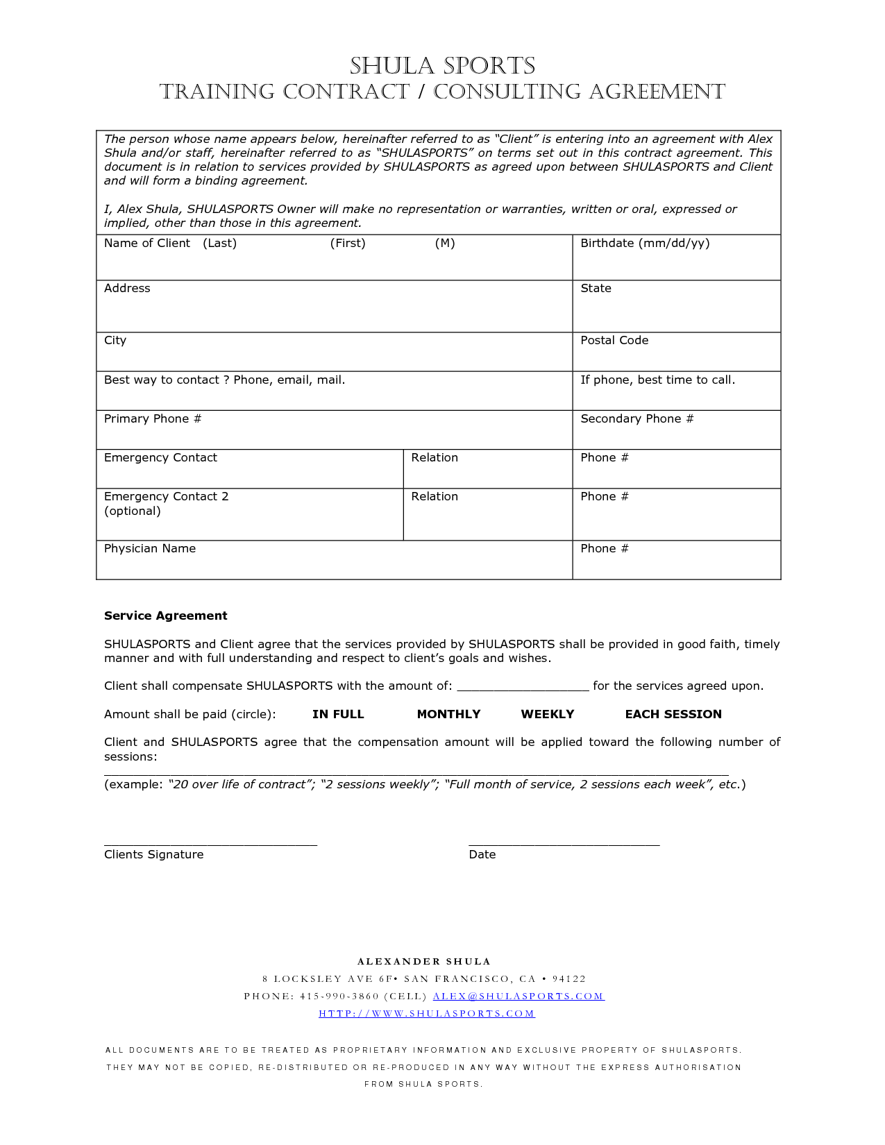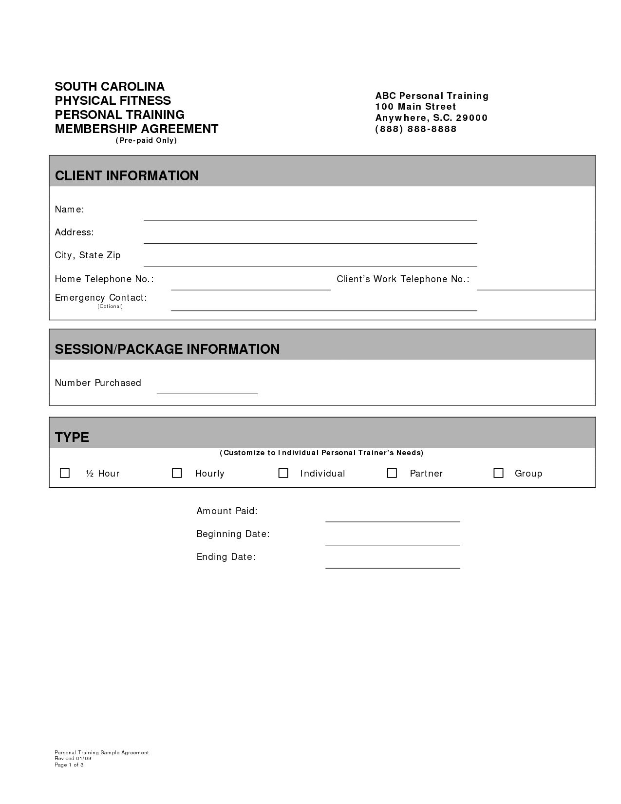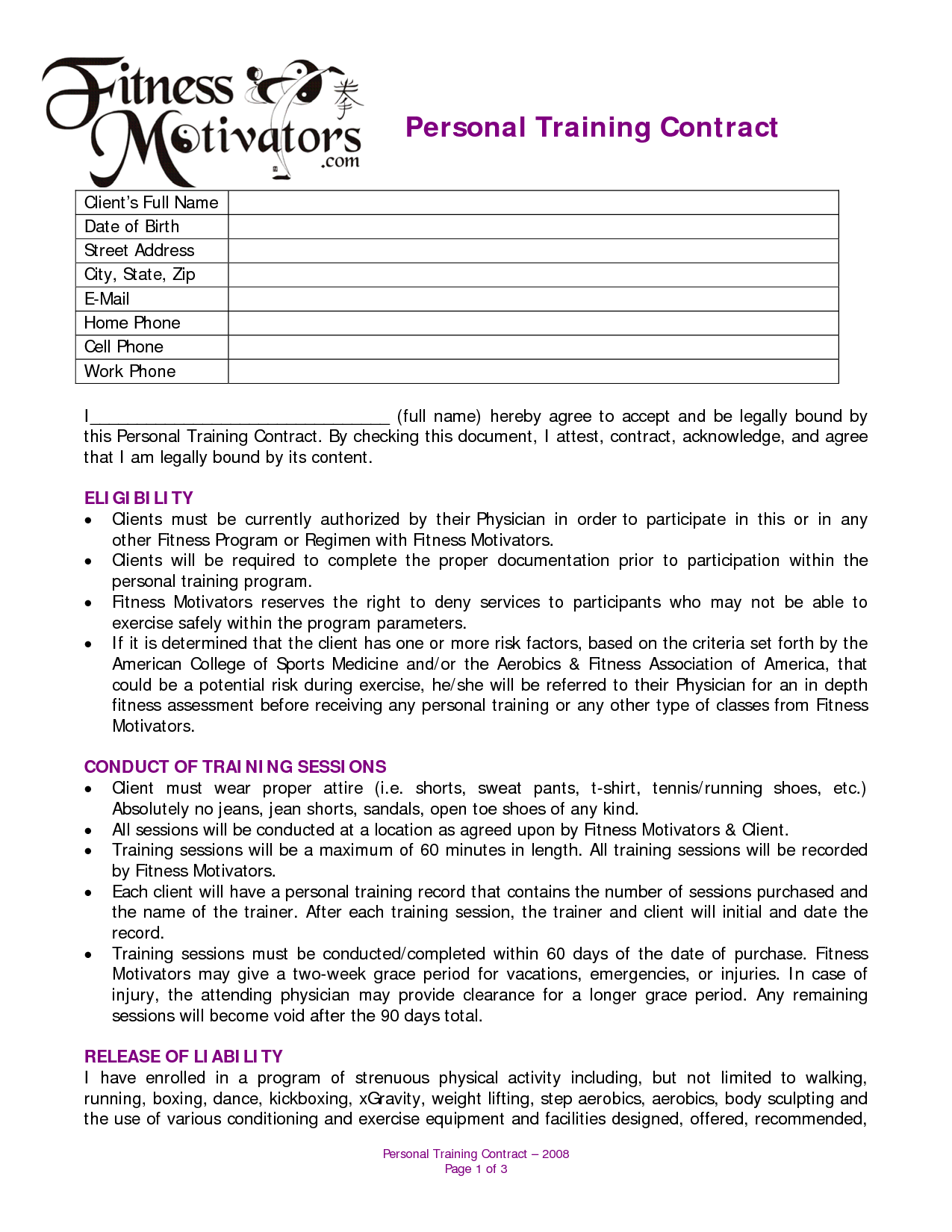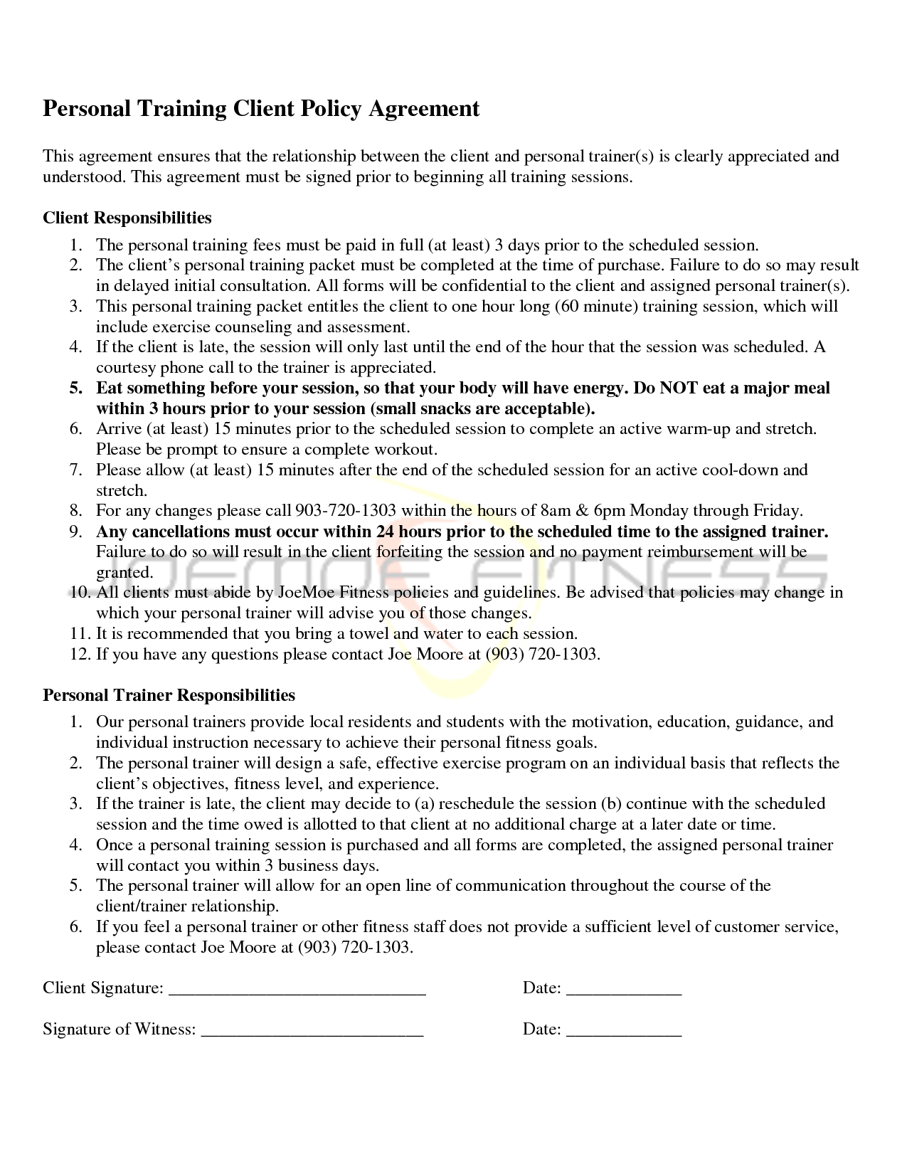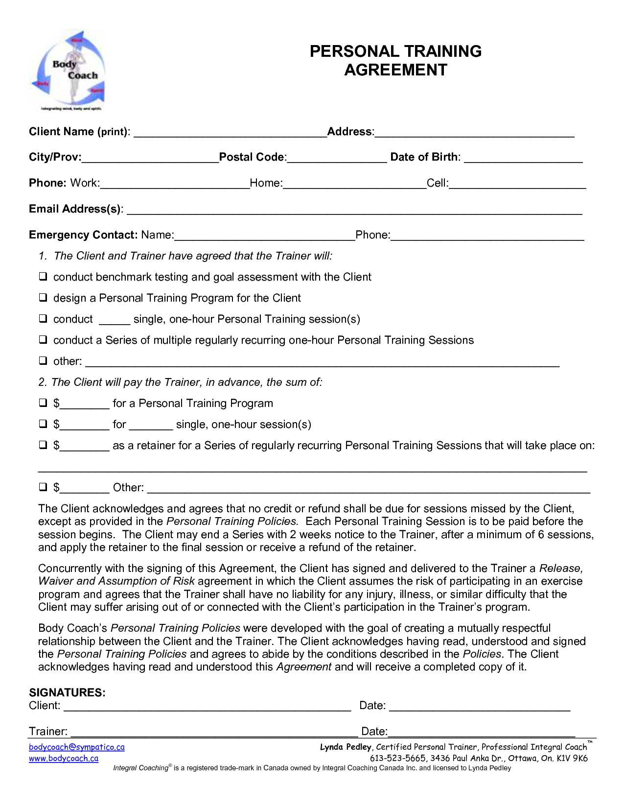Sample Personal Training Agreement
==
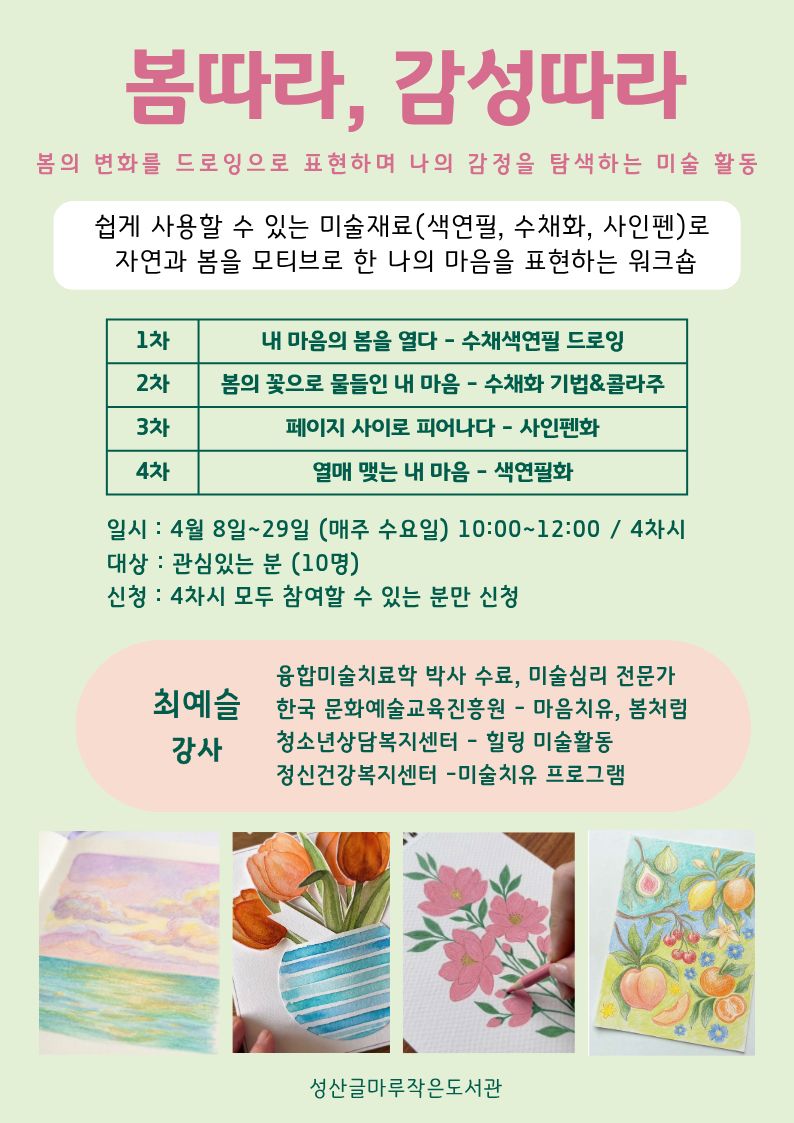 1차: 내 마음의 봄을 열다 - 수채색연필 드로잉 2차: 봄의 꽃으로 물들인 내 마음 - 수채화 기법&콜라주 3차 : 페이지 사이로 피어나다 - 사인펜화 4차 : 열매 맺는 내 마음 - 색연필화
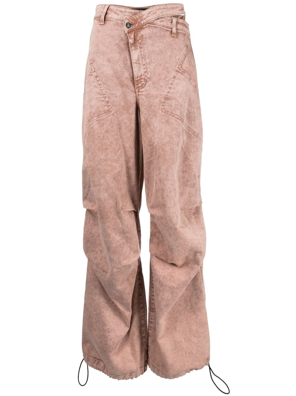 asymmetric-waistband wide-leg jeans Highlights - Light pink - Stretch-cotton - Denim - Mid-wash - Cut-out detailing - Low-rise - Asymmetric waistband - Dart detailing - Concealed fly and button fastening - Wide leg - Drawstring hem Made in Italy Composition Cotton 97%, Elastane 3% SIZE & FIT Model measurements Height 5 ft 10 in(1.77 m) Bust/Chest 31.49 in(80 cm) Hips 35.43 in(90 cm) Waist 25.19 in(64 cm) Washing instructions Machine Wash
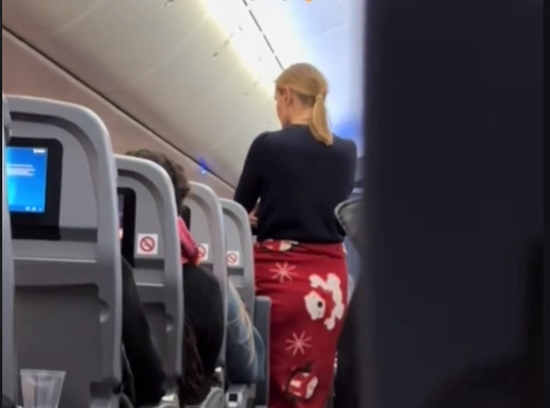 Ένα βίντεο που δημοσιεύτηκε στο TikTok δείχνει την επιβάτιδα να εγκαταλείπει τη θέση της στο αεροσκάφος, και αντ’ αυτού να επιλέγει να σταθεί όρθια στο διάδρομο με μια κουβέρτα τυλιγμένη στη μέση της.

== What the task asks ==
Start with the line above containing "asymmetric-waistband wide-leg jeans" and end with the line containing "Ένα βίντεο που". Set down that stretch exactly, without any pictures.

== Task output ==
 asymmetric-waistband wide-leg jeans Highlights - Light pink - Stretch-cotton - Denim - Mid-wash - Cut-out detailing - Low-rise - Asymmetric waistband - Dart detailing - Concealed fly and button fastening - Wide leg - Drawstring hem Made in Italy Composition Cotton 97%, Elastane 3% SIZE & FIT Model measurements Height 5 ft 10 in(1.77 m) Bust/Chest 31.49 in(80 cm) Hips 35.43 in(90 cm) Waist 25.19 in(64 cm) Washing instructions Machine Wash
 Ένα βίντεο που δημοσιεύτηκε στο TikTok δείχνει την επιβάτιδα να εγκαταλείπει τη θέση της στο αεροσκάφος, και αντ’ αυτού να επιλέγει να σταθεί όρθια στο διάδρομο με μια κουβέρτα τυλιγμένη στη μέση της.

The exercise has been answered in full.